Listing 7. Calling CreateFileA dynamically using getProcAddress and LoadLibrary
HANDLE hFile;
HANDLE hAppend;
DWORD dwBytesRead, dwBytesWritten, dwPos;
LPCSTR fname = “c:\\temp\\mytestfile.txt”;
char buff[25];
//Get deobfuscated Kernel32 and CreateFileA strings
LPCWSTR DLL = get_Kernel32_string();
LPCSTR PROC = get_CreateFileA_string();
FARPROC Proc;
HINSTANCE hDLL;
//Get Kernel32 handle
hDLL = LoadLibrary(DLL);
//Get CreateFileA export address
Proc = GetProcAddress(hDLL,PROC);
//Creating Dummy function header
typedef HANDLE (__stdcall *GETADAPTORSFUNC)(LPCSTR, DWORD, DWORD, LPSECURITY_ATTRIBUTES,DWORD, DWORD, HANDLE);
GETADAPTORSFUNC fpGetProcAddress;
fpGetProcAddress = (GETADAPTORSFUNC)GetProcAddress(hDLL, PROC);
//Dynamically call CreateFileA
hFile = fpGetProcAddress(fname, GENERIC_READ, 0, NULL, OPEN_EXISTING, FILE_ATTRIBUTE_NORMAL,
NULL);
if(hFile == INVALID_HANDLE_VALUE)
printf(“Could not open %S\n”, fname);
else
printf(“Opened %S successfully.\n”, fname);
Layer 4: Anti-Virtualisation
The final layer uses anti-virtualisation. We will look at detecting VMWare. Intel x86 provides two
instructions to allow you to carry I/O operations, these instructions are the „IN” and „OUT” instructions.Vmware uses the “IN” instruction to read from a port that does not really exist. If you access that port in a VMWare you will not get an exception. If you access it in a normal machine it will cause an exception. The detection is based on this anomaly. To perform the test you load 0x0A in the ECX register and you put the magic value of 0x564D5868 (‘VMXh)’ in the EAX register. Then you read a DWORD from port 0x5658 (VX). If an exception is caused you are not in VMware.

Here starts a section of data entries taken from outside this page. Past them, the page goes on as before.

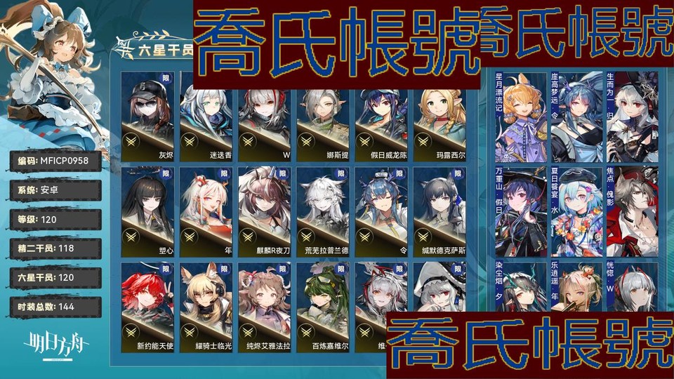 【OBMFICP095842】120級,120六星,118精二,1精一,合成玉數量:80015,源石數量:720,聯動幹員數量:20,時裝數量:144,精二六星:多蘿西,靈知,灰燼,酒神,迷迭香,滌火傑西卡,鴻雪,伊內絲,信仰攪拌機,焰影葦草,隱德來希,W,流明,瑕光,銀灰,提豐,黑鍵,早露,傀影,推進之王,安潔莉娜,空弦,電弧,止頌,伺夜,仇白,妮芙,風笛,萊伊,凱爾希,死芒,娜斯提,阿,薇薇安娜,赫拉格,鈴蘭,異客,假日威龍陳,瑪露西爾,淬羽赫默,聖約送葬人,塑心,溫蒂,霍爾海雅,白鐵,年,忍冬,閃靈,能天使,維娜·維多利亞,艾雅法拉,麥哲倫,真言,麒麟R夜刀,燭煌,黑,陳,魔王,嵯峨,泥岩,聖聆初雪,荒蕪拉普蘭德,歌蕾蒂婭,琴柳,令,蕾繆安,林,Mon3tr,邏各斯,緘默德克薩斯,斥罪,伊芙利特,水月,琳琅詩懷雅,引星棘刺,新約能天使,弒君者,耀騎士臨光,棘刺,夜鶯,純燼艾雅法拉,森蚺,菲亞梅塔,百鍊嘉維爾,維什戴爾,山,歸溟幽靈鯊,繆爾賽思,澄閃,星熊,娜仁圖亞,遙,烏爾比安,老鯉,塞雷婭,莫斯提馬,阿斯卡綸,刻俄柏,鐧,煌,濁心斯卡蒂,黍,瑪恩納,豐川祥子,艾拉,斯卡蒂,赫德雷,號角,左樂,斬業星熊,史爾特爾,凜御銀灰,佩佩,司霆驚蟄,重嶽,餘,焰尾,帕拉斯;精一六星:卡涅利安;六星幹員:多蘿西,靈知,灰燼,酒神,迷迭香,滌火傑西卡,鴻雪,伊內絲,信仰攪拌機,焰影葦草,隱德來希,W,流明,瑕光,銀灰,提豐,黑鍵,早露,傀影,推進之王,安潔莉娜,空弦,電弧,止頌,伺夜,仇白,妮芙,風笛,萊伊,凱爾希,死芒,娜斯提,阿,薇薇安娜,赫拉格,鈴蘭,異客,假日威龍陳,瑪露西爾,淬羽赫默,聖約送葬人,塑心,溫蒂,霍爾海雅,白鐵,年,忍冬,閃靈,能天使,維娜·維多利亞,艾雅法拉,麥哲倫,真言,麒麟R夜刀,燭煌,黑,陳,魔王,嵯峨,泥岩,聖聆初雪,荒蕪拉普蘭德,歌蕾蒂婭,琴柳,令,蕾繆安,林,Mon3tr,邏各斯,緘默德克薩斯,斥罪,伊芙利特,水月,琳琅詩懷雅,引星棘刺,新約能天使,弒君者,耀騎士臨光,棘刺,夜鶯,純燼艾雅法拉,森蚺,菲亞梅塔,百鍊嘉維爾,維什戴爾,山,歸溟幽靈鯊,繆爾賽思,澄閃,星熊,娜仁圖亞,遙,烏爾比安,老鯉,塞雷婭,莫斯提馬,阿斯卡綸,刻俄柏,鐧,煌,濁心斯卡蒂,黍,瑪恩納,豐川祥子,艾拉,斯卡蒂,赫德雷,號角,左樂,斬業星熊,史爾特爾,凜御銀灰,佩佩,司霆驚蟄,重嶽,餘,焰尾,帕拉斯,卡涅利安,溯光星源;聯動幹員:灰燼,瑪露西爾,八幡海鈴,若葉睦,三角初華,豐川祥子,艾拉,閃擊,醫生,祐天寺若麥,森西,戰車,導火索,齊爾查克,萊歐斯,九色鹿,泰拉大陸調查團,雙月,羅小黑,霜華;時裝:星月漂流記·克洛絲,崖高夢遠·令,生而為一·歸溟幽靈鯊,萬重山·假日威龍陳,夏日餮宴·水月,焦點·傀影,染塵煙·夕,樂逍遙·年,恍惚·W,悠然假日HD71·寒檀,一人車隊·賈維,旋律的主人·豐川祥子,火種·火神,糖果暴擊·奧達,玩伴·紅雲,家傳秘方·暴行,拭刀·刻刀,最初的頌歌·PhonoR-0,封面傭兵·石英,玫瑰騎手·維荻,斜照·折光,礫瓦·泥岩,相位面容·錫人,雙料四分衛·THRM-EX,隨意而行·蘇蘇洛,悠然假日HD61·蜜蠟,地底三百米·暴行,從容時刻·翎羽,賀新禧·清流,晚間咖啡店·安賽爾,主修領域·地靈,單刀·炎客,星櫞林·流星,悠然假日HD49·錫蘭,晴日·卡緹,北地引路人·提豐,觸及星辰·阿米婭,競技之夢改裝·正義騎士號,悠然假日HDm57·褐果,悠然假日HD29·安比爾,奇工妙想·星極,躍上街頭·泰拉大陸調查團,枝頭馥·夜半,衣縷往昔·梓蘭,火樹靈·布丁,繪聲繪影·深海色,風雪邀請·史都華德,遙鄉之徑·夏櫟,喜夜侍者·澄閃,夏卉FA374·羅比菈塔,無痕行者·安德切爾,組間休息·布洛卡,偽裝·宴,春之頌·鈴蘭,超級斷罪朋友·斷罪者,幽谷奏鳴·石棉,破冰·霜葉,未完成的禮物·豆苗,縱身一躍·傑克,妙手玄心·阿,悠然假日HD31·華法琳,海岸救援改裝·Lancet-2,待晴日·深靛,黑曜石·泥岩,詩人的假日·流星,傑作·早露,魔城迴響·巫戀,天命勇者·雪雉,安息處的怪盜·卡達,宣傳策略·空弦,夏卉FA026·蘇蘇洛,淺灘律動·藍毒,淡金慶典·桃金娘,靜謐午夜DN06·泥岩,夏卉FA018·艾雅法拉,爆裂菲林·煌,荒原行者·普羅旺斯,專業人士·斑點,霜息·赫默,除魅·莫斯提馬,古堡清潔專家·阿消,糖果仙子·溫蒂,尋耀·星極,八音蛋匠人·格雷伊,滲透·伊桑,皇后一號·風笛,探尋者SKm01·銀灰,夏卉FA333·刻俄柏,幽靜·白麵鴞,夏卉FA661·宴,遺石·推進之王,無畏·米格魯,高原訪客·崖心,見習聯結者·阿米婭,書味·真理,燦陽朝露SD01·臨光,光影·夜魔,夏卉FA008·暗索,馭浪WR04·斯卡蒂,堅城·塞雷婭,狩標浪人·星熊,無形悼挽·獅蠍,質素訪客·安潔莉娜,回味冰霜雪·麥哲倫,城市騎手·能天使,典雅噩兆·拉普蘭德,歲紅霞·陳,兒童派對·伊芙利特,清晨七點·可頌,富貴榮華·詩懷雅,輓歌·夜鶯,厚禮·黑,君子蘭·傑西卡,未知的旅行·遠山,威塞克斯的信件·玫蘭莎,約克的寒風·銀灰,報童·阿米婭,守歲人·芙蓉,盛宴·華法琳,SUM019.ver·Castle-3,魔術師·克洛絲,開斯特之霜·初雪,快樂衛士·卡緹,小鬼當家·暗索,靜謐午夜DN02·閃靈,鐵塊·傑西卡,悠然假日HDm06·安賽爾,植物種志·調香師,辛味·末藥,十字郡·芬,寒冬信使·德克薩斯;【官方賬號】kfc聯動齊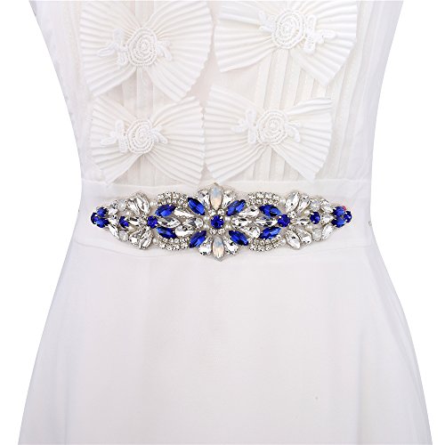 Crystal Rhinestone Applique Belt Bridal Wedding Dress Applique Blue 8.7x1.9 inches 5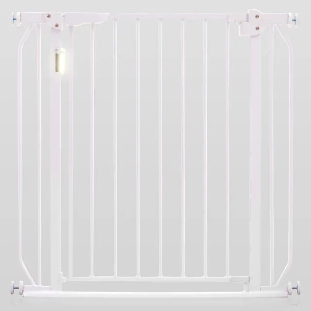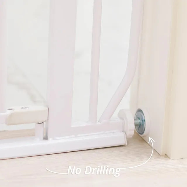 Assembly is quick and easy. The metal gate is clamped between walls or in door frames with fixing screws. No drilling required. LED light turns on when gate opens seeks extra attention and gives extra safety. With the Baby Safe Safety Gate with LED Light you can make your home more safe for your children or pets.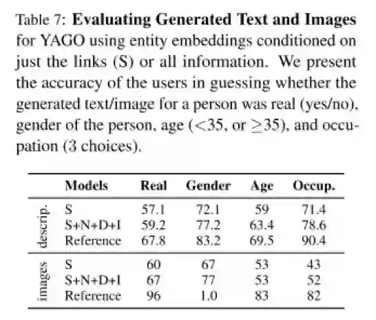 2 生成多模态数据:可以看到,引入了多模态数据之后,产生出来的文本和图片的质量比起仅仅依靠知识库原本就存在的三元组信息产生的文本和图片的质量要高。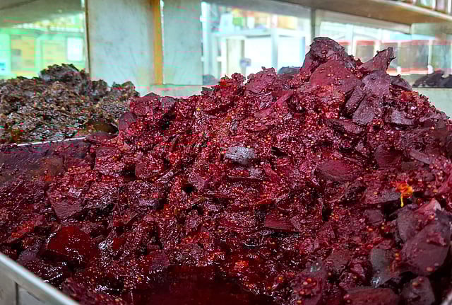 Beetroot pickles at this shop offer a distinct flavor, standing out from the rest with their rich colour and unique taste. Photo/Umer Farooq
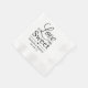En klassisk vit brölloppsservett med "Kärlek är sött" i en blandning av elegant skrivstil och fet typsnitt, accentuerad av en liten hjärtdetalj. Paret namn och bröllopsdatum visas under en tunn avdelande linje, vilket skapar en personlig monogram-centerdel. Perfekt för efterrätstavlor, cocktailtimme och godisbarer. All text är helt anpassningsbar.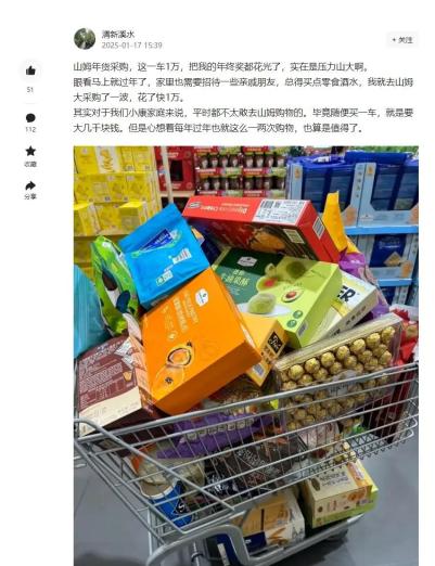 有网友晒出山姆年货采购,表示:“眼看马上就过年了,家里需要招待一些亲戚朋友,总得买点零食酒水,我就去山姆大采购了一波,一车1万,把我的年终奖都花光了,实在是压力山大啊。”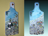 Итак, после нанесения белой краски-основы на поверхность доски в два слоя, прикладываем нужный фрагмент салфетки. И начинаем работать в технике декупаж. Смоченной в клее с водой кистью аккуратно расправляем рисунок от центра к краям. Выдавливаем пузырьки воздуха и устраняем погрешности мягкой тряпочкой, слегка прижимая ее по всей поверхности салфетки, также работая от центра. Здесь нужно максимальная аккуратность, чтоб не повредить бумажную поверхность, она очень тонкая. Ждем высыхания, покрываем слоем клея ПВА уже без воды. Рисунок закрепился.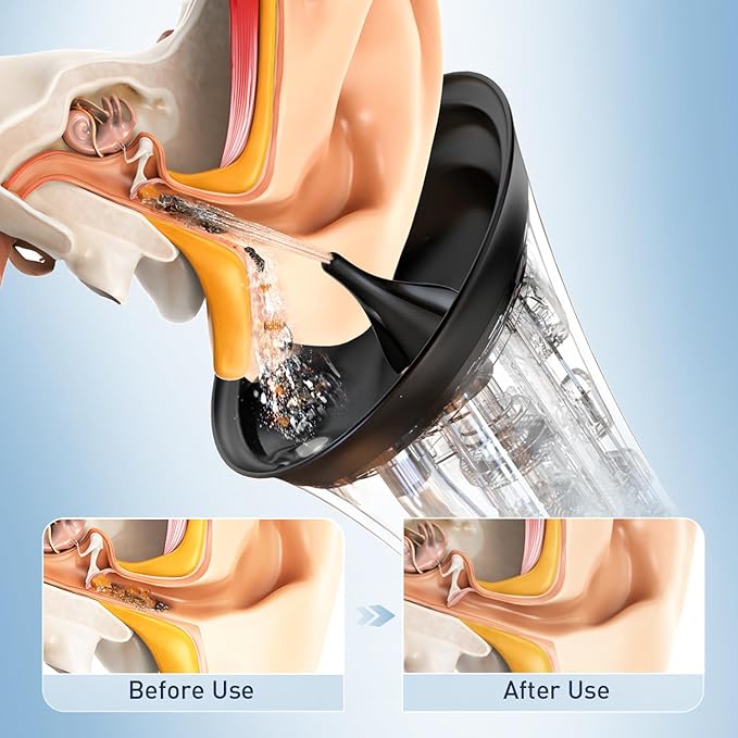 [Integrated Dual Tank Design] - Our ear cleaning system features an innovative integrated dual tank design, providing a more convenient and hassle-free ear cleaning experience. Unlike traditional ear washers that require you to rinse while trying to catch the dirty water with another hand, our ear washer is equipped with a clean water tank and a separate tank for collecting the dirty water, making the cleaning process effortless and efficient.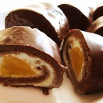 Блинчики в шоколаде с творожной начинкой и персиком.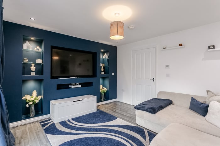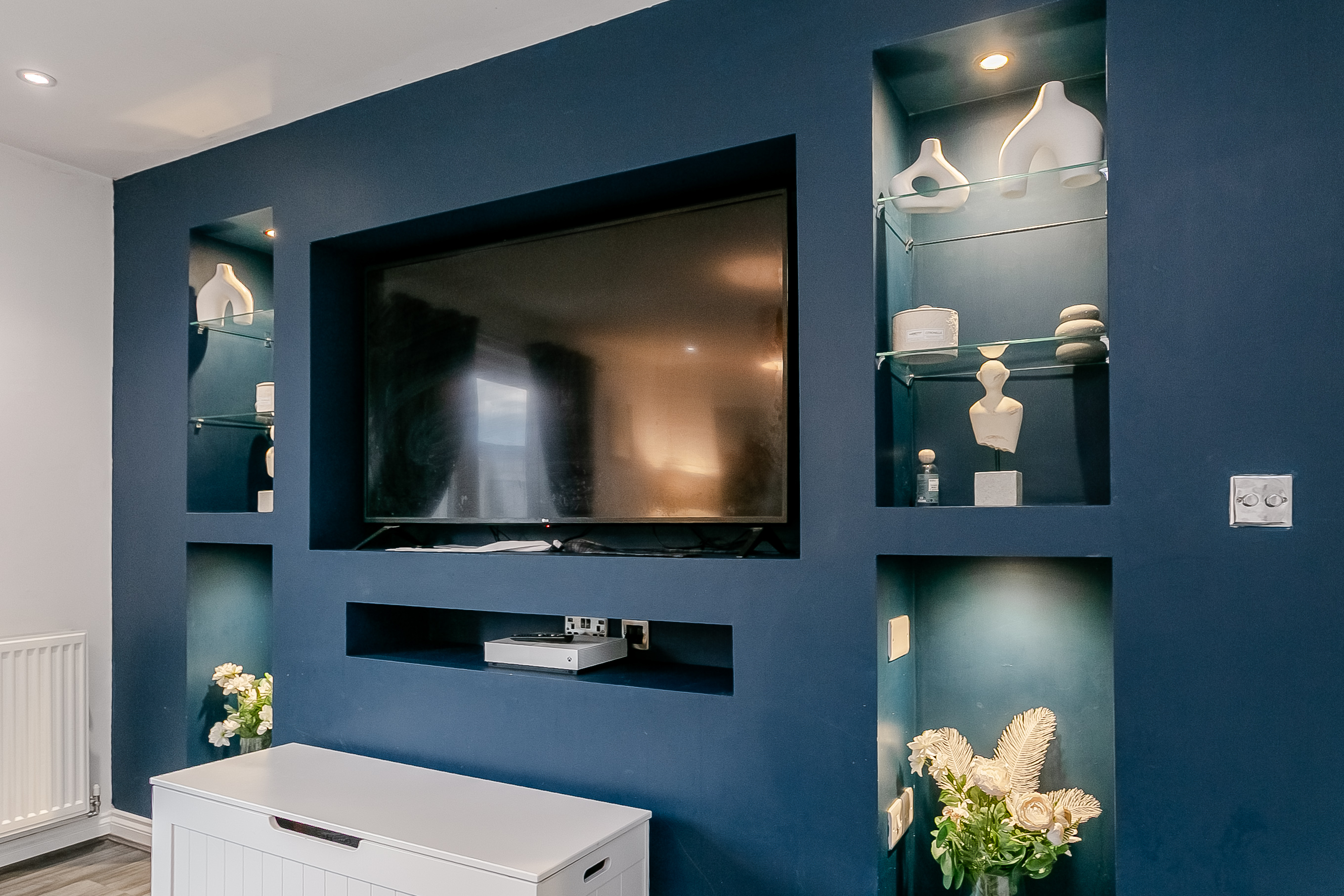 The tiled entrance hall offers a welcoming first impression and provides access to all ground-floor rooms, with the staircase positioned directly ahead. To the rear of the property, the living room is a bright and well-proportioned space, enhanced by wood-effect flooring, a combination of central and spotlighting, and a bespoke media wall creating a stylish focal point.
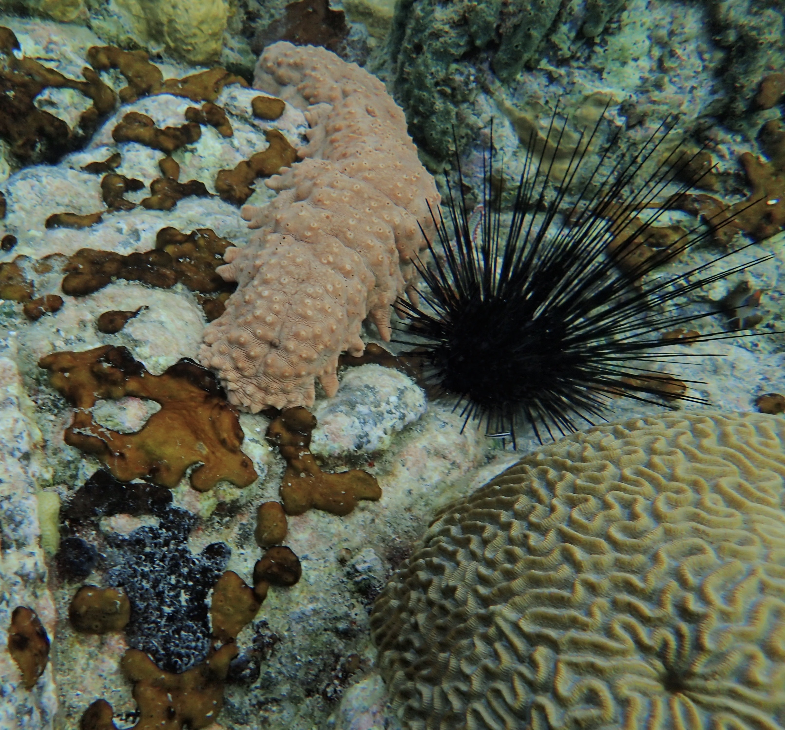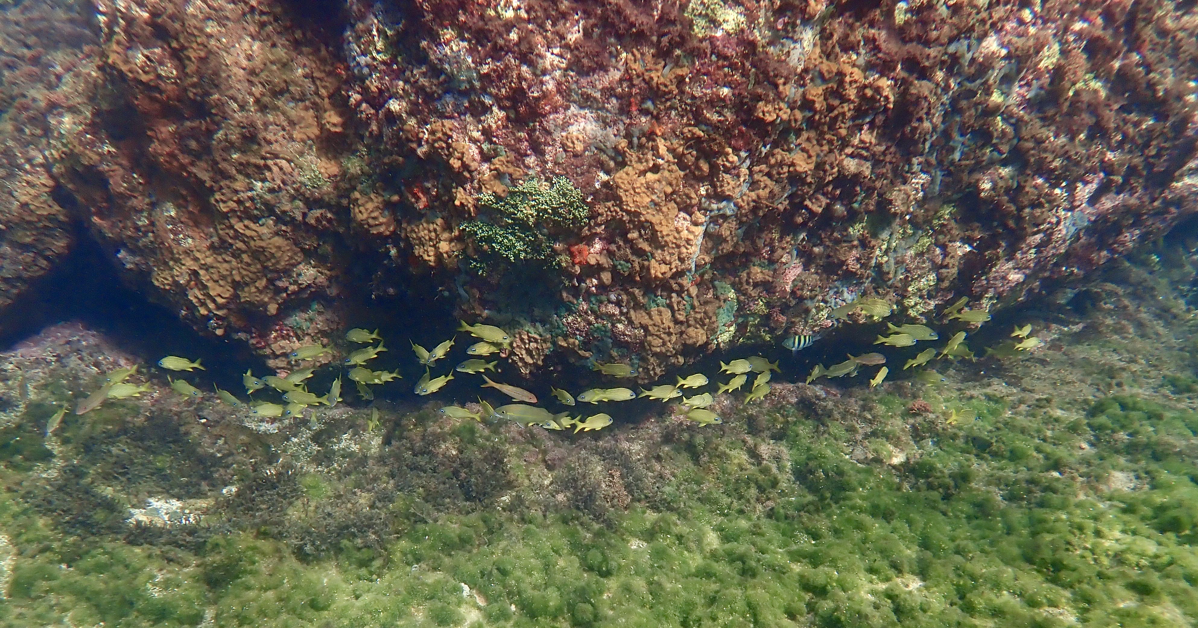 All this rain and still there’s excellent visibility. It isn’t so much coral beds like it is in Mustique – as it is rocks. You swim through expecting cold-water kelp fronds and nudibranchs – as though you’re swimming through typical, rocky underwater ecosystems back in the U.K.

Listing 8. VMWare detection function
bool IsInsideVMWare()
{
bool rc = true;
printf(“Just going to test if you are running in VMWARE:\n”);
__try
{
__asm
{
push edx
push ecx
push ebx
mov eax, ‘VMXh’ // The Magic Number
mov ebx, 0
mov ecx, 10
mov edx, ‘VX’ // The port
in eax, dx // The IN Instruction
cmp ebx, ‘VMXh’ // Check if ebx contains the magic number
setz [rc] // set return value
pop ebx
pop ecx
pop edx
}
}
__except(EXCEPTION_EXECUTE_HANDLER)
{
rc = false;
}
return rc;
}
A good way to look for this trick is to search for the magic number 0x564D5868. In my code you can search for the string; „Just going to test if you are running in VMWARE:\n”. I have not displayed the assembler code as seen in Ollydbg as it is identical to the inline assembly in Listing 8. Just after this code there is a jump instruction you can manipulate to bypass this detection. Last little bit of advice you may see ‘Privileged instruction – use Shift +F7/F8/F9 to pass exception to program’, If you press Shift + F9 itwill continue past the exception.